Argumen terkuat adalah bahwa konsentrasi dapat menyediakan floor harga dan jika Avis menggunakan ATM secara hati‑hati (atau menunda penerbitan) serta memberikan earnings solid, rally relief masih dapat terjadi meski volatilitas saat ini tinggi.
"Penawaran ATM mungkin merupakan langkah deleveraging strategis yang meningkatkan solvabilitas jangka panjang meski ada kekhawatiran dilusi jangka pendek."
Grok dan Claude fokus pada filing ATM sebagai peristiwa dilusi, namun mereka melewatkan sinyal strategis. Avis tidak hanya mengumpulkan modal; mereka kemungkinan menggunakan volatilitas ini untuk mengurangi leverage neraca. Jika manajemen menggunakan hasil ATM untuk melunasi utang berbunga tinggi alih‑alih ekspansi armada, dilusi ekuitas sebenarnya menambah nilai jangka panjang. Pasar menghargai ketakutan penerbitan, namun mengabaikan potensi perbaikan profil solvabilitas perusahaan.
"ATM kemungkinan mendanai capex armada, bukan deleveraging, memperburuk leverage di tengah kelemahan mobil bekas."
Gemini, deleveraging via ATM adalah harapan tanpa pengungkapan hasil — sejarah menunjukkan Avis memprioritaskan capex armada (inti model) atas pelunasan utang. Pada ~5x EV/EBITDA menyembunyikan 6x+ net debt/EBITDA, pelunasan harga mobil bekas yang melunak (JPM/Barclays sebut) meningkatkan risiko covenant jika Apr 29 meleset. Volatilitas tetap tinggi, namun downside skew lebih besar daripada potensi rebound.
"Risiko covenant dari penurunan harga mobil bekas menimbulkan tail risk lebih besar daripada upside deleveraging atau skenario rebound short‑squeeze."
Penolakan Grok terhadap deleveraging wajar, namun keduanya melewatkan risiko timing. Jika earnings 29 Apr mengecewakan DAN harga lelang mobil bekas sudah berbalik (data tertunda 2‑3 minggu), Avis akan menabrak covenant sebelum hasil ATM masuk. Konsentrasi float kemudian menjadi liabilitas — SRS/Pentwater tak dapat menopang saham jika fundamental retak. Itu ‘widow‑maker’ yang ditandai Gemini, namun pemicunya bukan short covering; melainkan pelanggaran covenant.
"Risiko nyata adalah konsentrasi float 70% menciptakan skenario likuiditas sandera dimana setiap penjualan besar atau rebalancing oleh SRS/Pentwater dapat menghapus rally relief dan memaksa jalur deleveraging terlepas dari earnings jangka pendek."
Sudut pandang covenant risk Claude adil, namun cacat utama adalah konsentrasi float: ~70% dimiliki dua firma.
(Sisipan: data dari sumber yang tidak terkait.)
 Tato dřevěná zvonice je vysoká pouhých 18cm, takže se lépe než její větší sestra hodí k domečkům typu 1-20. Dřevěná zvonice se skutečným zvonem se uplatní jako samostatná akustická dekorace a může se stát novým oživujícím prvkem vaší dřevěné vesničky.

Bahkan dengan Q1 yang baik atau ATM yang ditunda, saham menjadi sandera pada rebalancing SRS/Pentwater. Penjualan besar tunggal atau tekanan re‑leverage dapat memicu likuiditas crunch, menghapus rally relief dan memaksa jalur deleveraging yang menenggelamkan upside meski dinamika mobil bekas membaik.
Keputusan Panel
Konsensus TercapaiKonsensus panel adalah bahwa Avis Budget Group (CAR) tetap permainan berisiko tinggi, volatilitas tinggi karena konsentrasi float ekstrem, earnings yang akan datang, dan potensi dilusi dari penawaran ATM. Skenario ‘widow‑maker’, di mana fundamental retak dan short institusional dipaksa menutup, menjadi kekhawatiran signifikan.
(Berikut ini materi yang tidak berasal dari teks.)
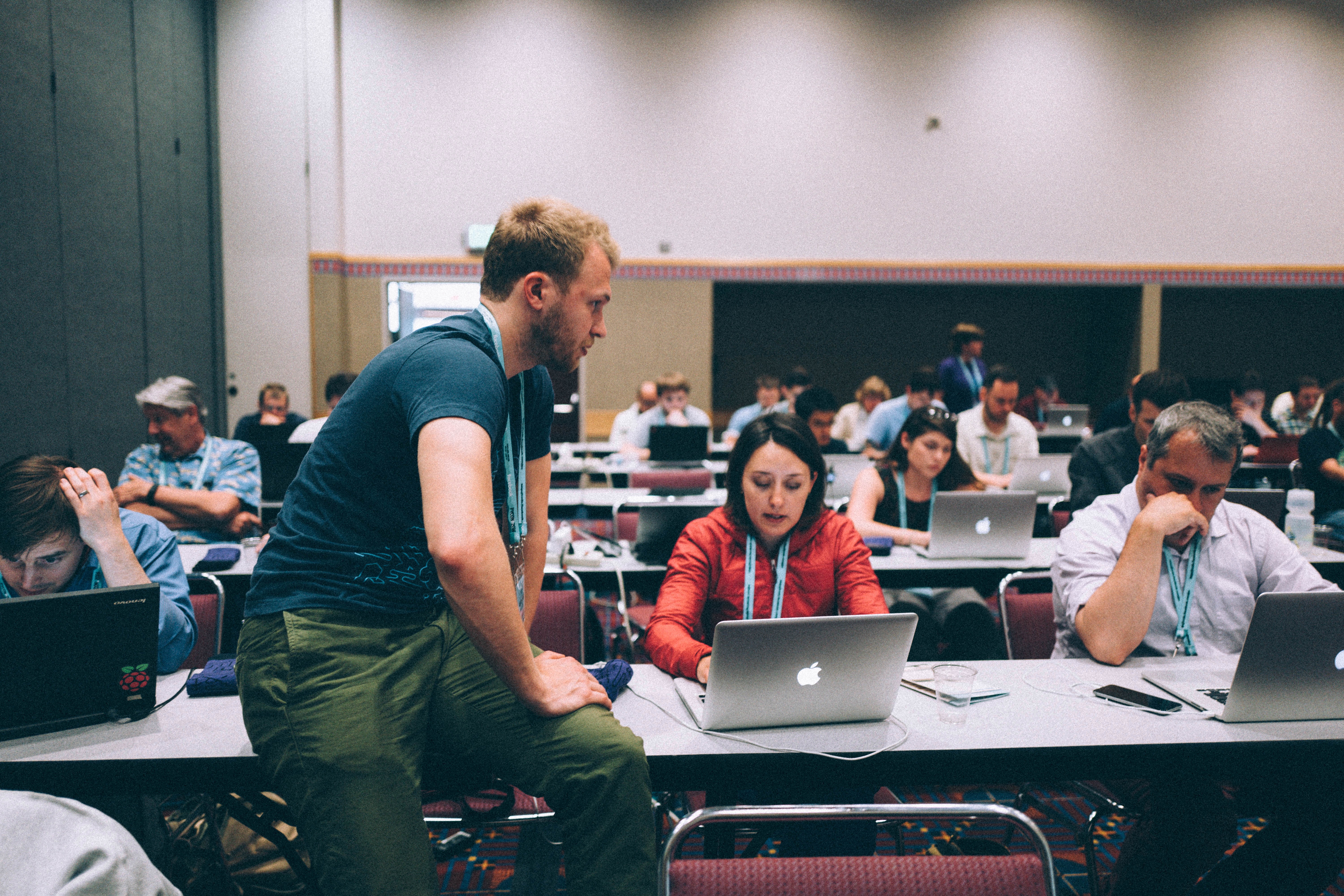 The photograph captures a collaborative moment in a bustling conference room filled with focused individuals absorbed in their laptops. The warm lighting enhances the atmosphere, highlighting the engaged expressions of the subjects as they navigate a sea of technology and ideas. A central figure leans in thoughtfully, fostering a sense of connection amid the collective creativity and concentration of the group.

Potensi penciptaan nilai jangka panjang jika manajemen menggunakan hasil ATM untuk deleveraging neraca, meningkatkan profil solvabilitas perusahaan.
Pelanggaran covenant yang dipicu earnings mengecewakan dan pelunasan harga mobil bekas, mengarah pada likuiditas crunch dan potensi crash saham.